他最后给她一个机会:“你确定?不后悔?”
她用最后的一点意识和力气抬起头,艰难而定定的看着他的眼睛:“我等这一天,已经很久。怎会后悔?倒是你,”她突然展颜一笑,笑的蛊惑人心:“你愿意与我春宵一刻吗?”
说完这句话,她再也抵不住沉沉的睡意,闭上眼睛头一歪,就这样睡过去了。
而那时,他搂住她下滑的身体,双臂微一使力打横抱起她,看着她毫无防备的睡颜,想着她说的话,不由唇角上扬:“春宵一刻?一刻怎么够?!”。
后来的事情她一直都是迷迷糊糊,半梦半醒间,他的声音在耳边想起:“你叫什么名字?”
“向思”。
他低笑:“很特别的名字。
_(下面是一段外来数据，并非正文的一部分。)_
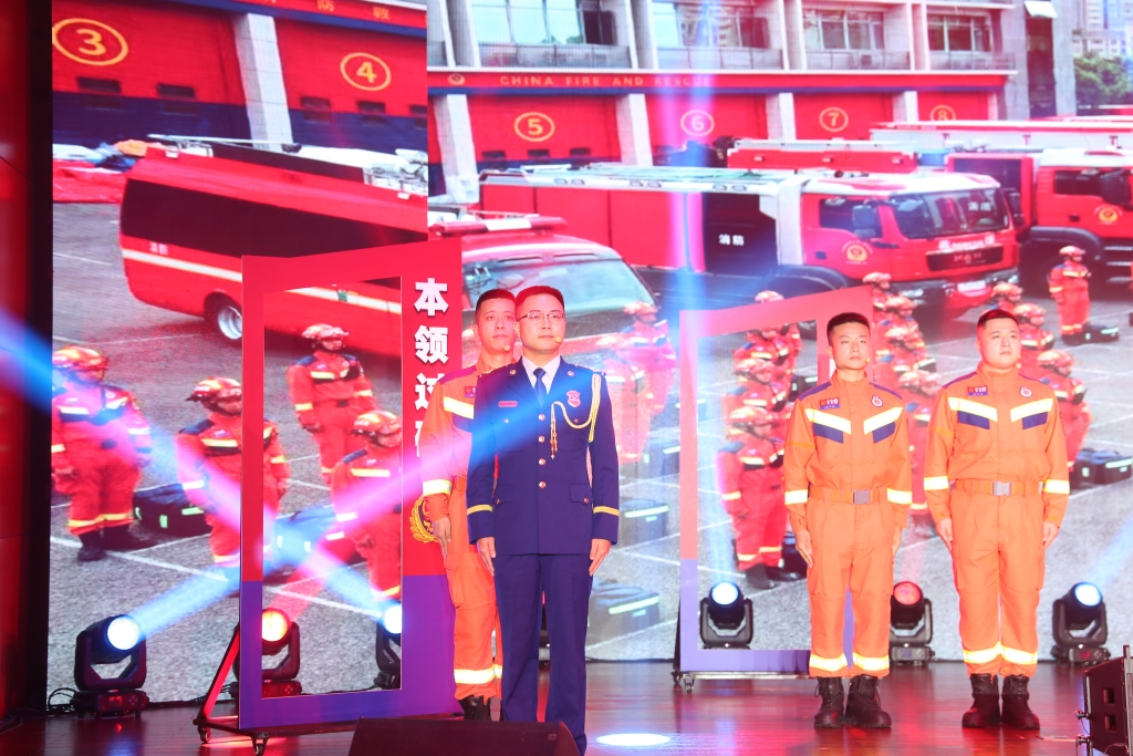 演出中,渝中支队原创歌曲《逆行者》唱出了一代代消防人为民而战、保民平安的执着与坚守;两江支队音诗画《时光之门》回眸了五年来重庆消防的感恩奋进、华丽蝶变;梁平支队的梁山灯戏《男朋友·蓝朋友》用“嬉戏闹”和“扭拽跳”的方式,趣味讲述消防安全故事。

是哪两个字?”
“向着胜利前进的向,思念的思”。
他右手扶着她,左手端了水杯喂她喝水,食指上的那颗小痣很醒目,她大口吞咽着水的同时就一直目不转睛的看着他的手,他放下杯子的时候,她扯住他的手,一口吻上食指。
所有的一起都想起来了。
向思有些站不稳,苏千里一把捞住她的腰,将她紧紧扣在面前:“都想起来了?那也应该记得第二天的情形”?
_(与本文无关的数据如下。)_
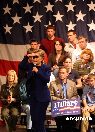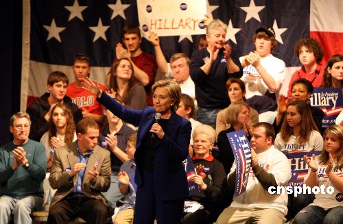 1月7日,美國民主黨總統(tǒng)競選人希拉里在新罕布什爾州的沙倫市進(jìn)行該州初選前最后的競選活動。希拉里此前在艾奧瓦州初選落敗,目前在新州民調(diào)亦處于落后,競選形勢不容樂觀。中新社發(fā) 李靜 攝
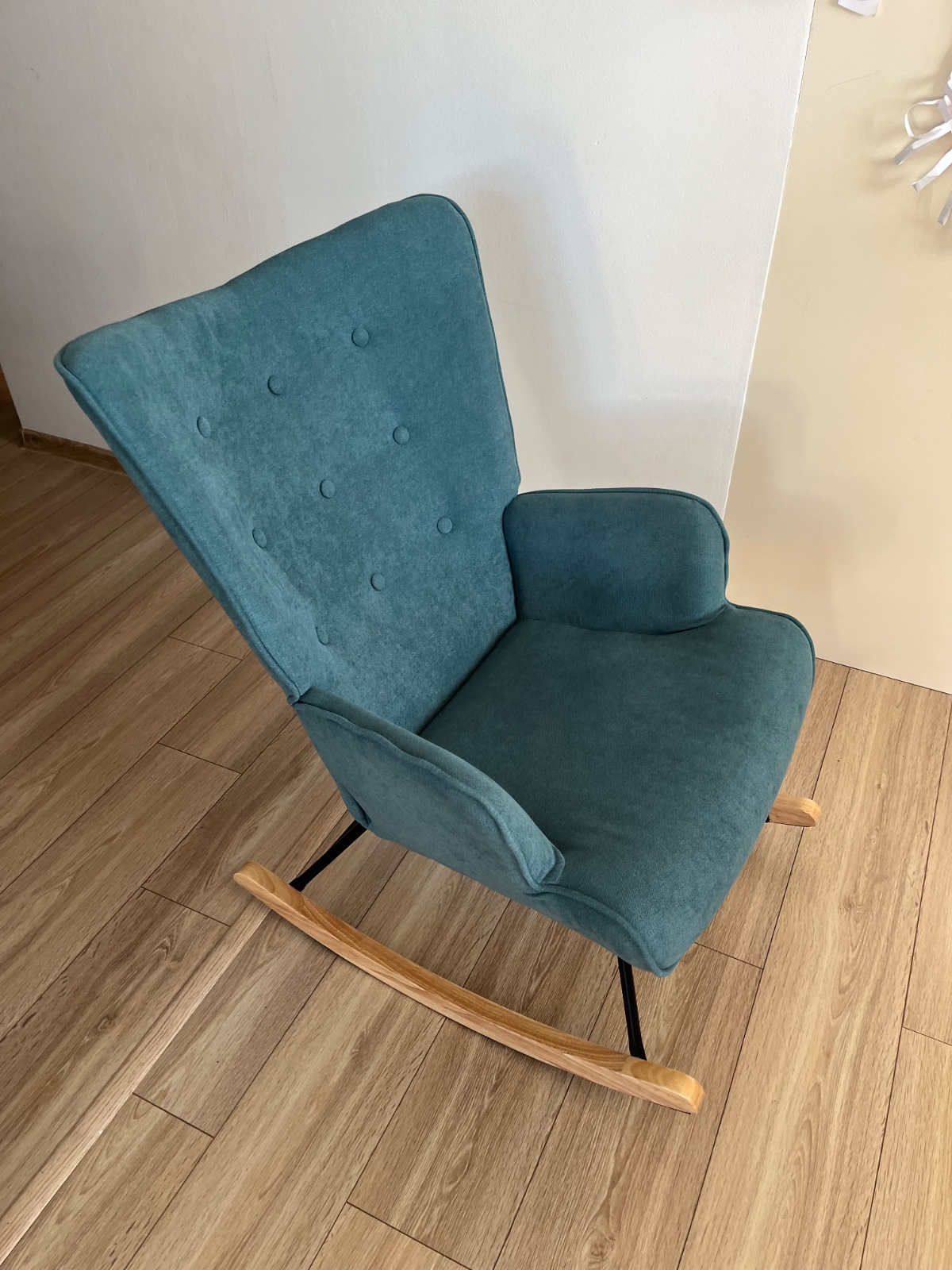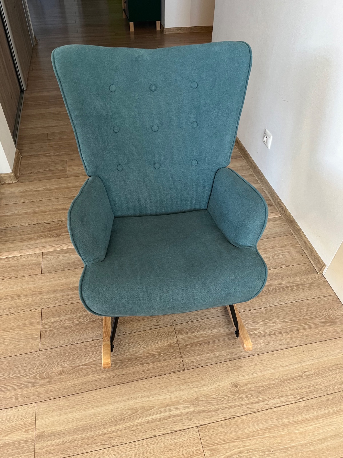 Nové hojdacie kreslo zelenej farby kupované od Sconto za 122,- €

怎么能不记得?第二天她人已经完全醒过来,凌晨五点左右的时候突然醒来,只觉头痛欲裂,浑身酸痛,而身边一个陌生人背对她侧身躺在旁边。她不敢大声不敢尖叫,匆忙穿了衣服落荒而逃,而逃走的时候,又在一种说不清道不明的心绪下放了三百块钱在床边柜上。
她把这当成一个意外,一个荒唐的意外,后来,很久再没去过旧时光,她记性一向不好,再加上努力刻意的去忘记,这一夜所有的记忆都被她关在了某个也许永远不会被打开的地方。
苏千里看着她越来越白的脸,一点都不放过她:“那三百我可是收的好好的,一直放在钱包里。要不要今天还给你”?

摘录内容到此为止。